Lentiviral vector de producción
Todos los defectuosos de replicación, vectores de lentivirus libre inactivar fueron generados en una instalación BSL-3 (plataforma vectorology, Centro INSERM U1037 de Investigación del cáncer de Toulouse, Toulouse, Francia) como se ha descrito anteriormente por Torrisani
et al.
[15]. En resumen, la transfección transitoria de células HEK-293FT con el empaquetado y plásmidos de vector lentiviral se llevaron a cabo utilizando la precipitación con fosfato de calcio. pLenti4 /A /GFP-miR-148a, pLenti4 /A /GFP miR-CT se utilizaron para obtener partículas lentivirales que codifican inducible miR-148a o miR-CT (es decir, LV-A-miR-148a o LV-A-miR CT, respectivamente). Por otro lado, pMIRNA1-miR148a y pMIRNA1-GFP se utilizaron para obtener partículas lentivirales que codifican constitutivamente miR-148a o miR-CT (LV-miR-148a o LV-GFP, respectivamente). PLenti6-TR y pLVMND-SLUC plásmidos se utilizaron para obtener partículas lentivirales que codifican el represor Tet o la luciferasa secretada (LV-TR o LV-Gluc, respectivamente). Todos los lotes fueron verificados libre de virus replicativo. Los títulos virales se determinaron en células HT-1080 y se expresan en la transducción de la unidad /ml (TU /ml) como se describe en otro lugar. Además, las concentraciones de vectores se cuantificaron por ELISA de p24 (Innotest, Ingen, París).
Generación de PACA-2 línea celular estable miR-148a
MIA células Paca-2 sobre-expresión de MIA se incubaron con las partículas lentivirales LV-TR (multiplicidad de infección = 5) durante 24 h y, posteriormente, seleccionado con blasticidina (Invivogen, Toulouse, Francia) a 100 g /ml durante 2 semanas y se clonaron por dilución en serie para obtener MIA PaCa-2 células Tr. MIA PaCa-2 TR células se transducido aún más por LV-Gluc (multiplicidad de infección = 5) y se clonó por dilución en serie para dar células MIA PAC-2 TR-Gluc. Las últimas células se incubaron con LV-A-miR-148a o LV-A-miR-CT (multiplicidad de infección = 5) durante 24 h y se seleccionaron con zeocina (Invivogen) a 100 mg /ml durante 3 semanas y se clonaron por serie dilución para generar MIA Paca-2 TR-gluc Paca-2 TR-Gluc líneas celulares de miR-CT MIA miR-148a y, respectivamente. Se determinó una concentración de doxiciclina óptima de 1 mg /ml para inducir una máxima expresión de miR-148a. Las diferentes líneas celulares estables se cultivaron después constantemente en la presencia o la ausencia de doxiciclina.

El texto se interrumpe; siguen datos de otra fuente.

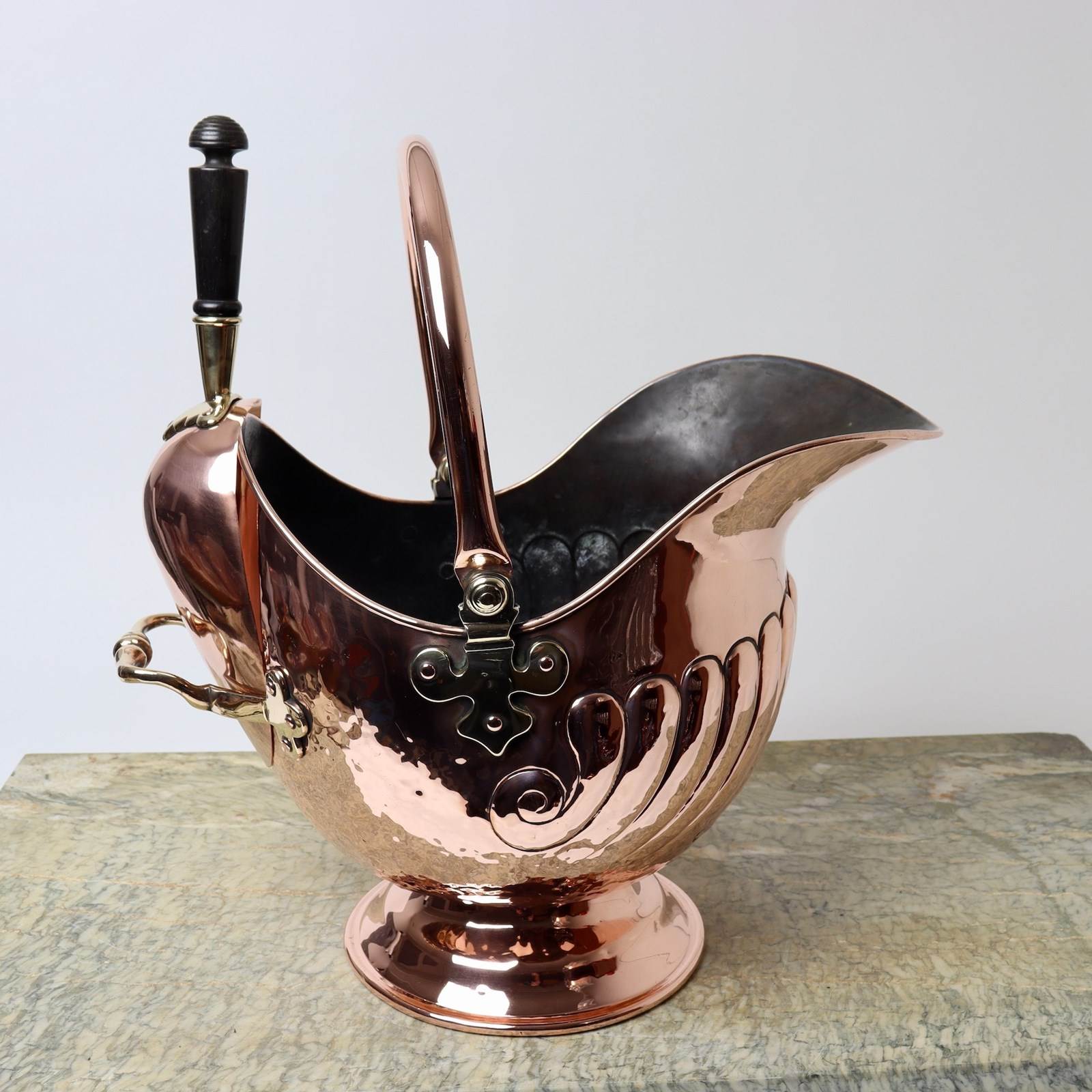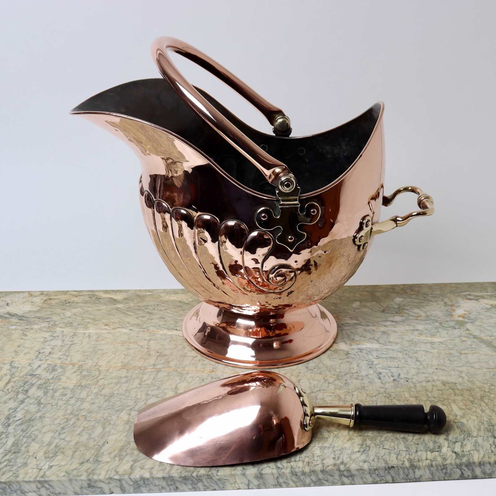 Dimensions: Scuttle: Height 47.5cm. Length 45.5cm. Width 29cm. Scoop: Length 35cm. Width 14cm. Depth 7cm.

Medición de la expresión de miR-148a de QRT-PCR
Las células se transfectaron primero transitoria o estable transducido como se describe encima. ARN total fue aislado de las líneas celulares con el reactivo Trizol (Life Technologies) según las instrucciones del proveedor. La concentración de ARN se midió con un espectrofotómetro NanoDrop ND-1000 (Thermo Scientific). El sistema de PCR miScript (Qiagen) fue utilizado según las instrucciones del fabricante para cuantificar microRNAs maduros de 1 g de ARN total. U6 y 5S ARN se utilizaron como controles internos. cDNA muestras se diluyeron 1 en 100 para la detección o U6 microARN y 1 en 10.000 para la detección de ARN 5S. Los ensayos por duplicado QRT-PCR se llevaron a cabo en un StepOnePlus ™ sistema de PCR en tiempo real (Applied Biosystems) con SYBR Green PCR Master Mix (Qiagen). Las cantidades relativas de los genes miARN se calcularon por el método comparativa ciclo umbral (CT) como 2-Ct, donde Ct = CTmiRNA -. CT media geométrica de U6 y 5S
Ensayo de proliferación
miR-148a 3 células precursoras transfectadas control negativo marcados con colorante precursoras o Cy ™ se sembraron a 6 x 10
3 células por pocillo de una placa de 96 pocillos y se cultivaron en medio completo. Número de células viables se determinó por el método colorimétrico usando celular CellTiter 96® acuosa no radiactivo Proliferación de ensayo (Promega) según las instrucciones del fabricante en el día 4. Para la medición de proliferación, las células se sembraron a 5 x 10
4 células por pocillo de unas placas de 35 mm. Las células fueron cultivadas en medio completo suplementado con 1 mg /ml de doxiciclina. Se añadieron quinientos nanogramos de doxiciclina a las 48 h para evitar su descomposición en medio de cultivo. Las células se contaron con un contador Coulter modelo ZM (Beckman Coulter) después de 24 h, 48 h, 72 hy 96 h de cultivo.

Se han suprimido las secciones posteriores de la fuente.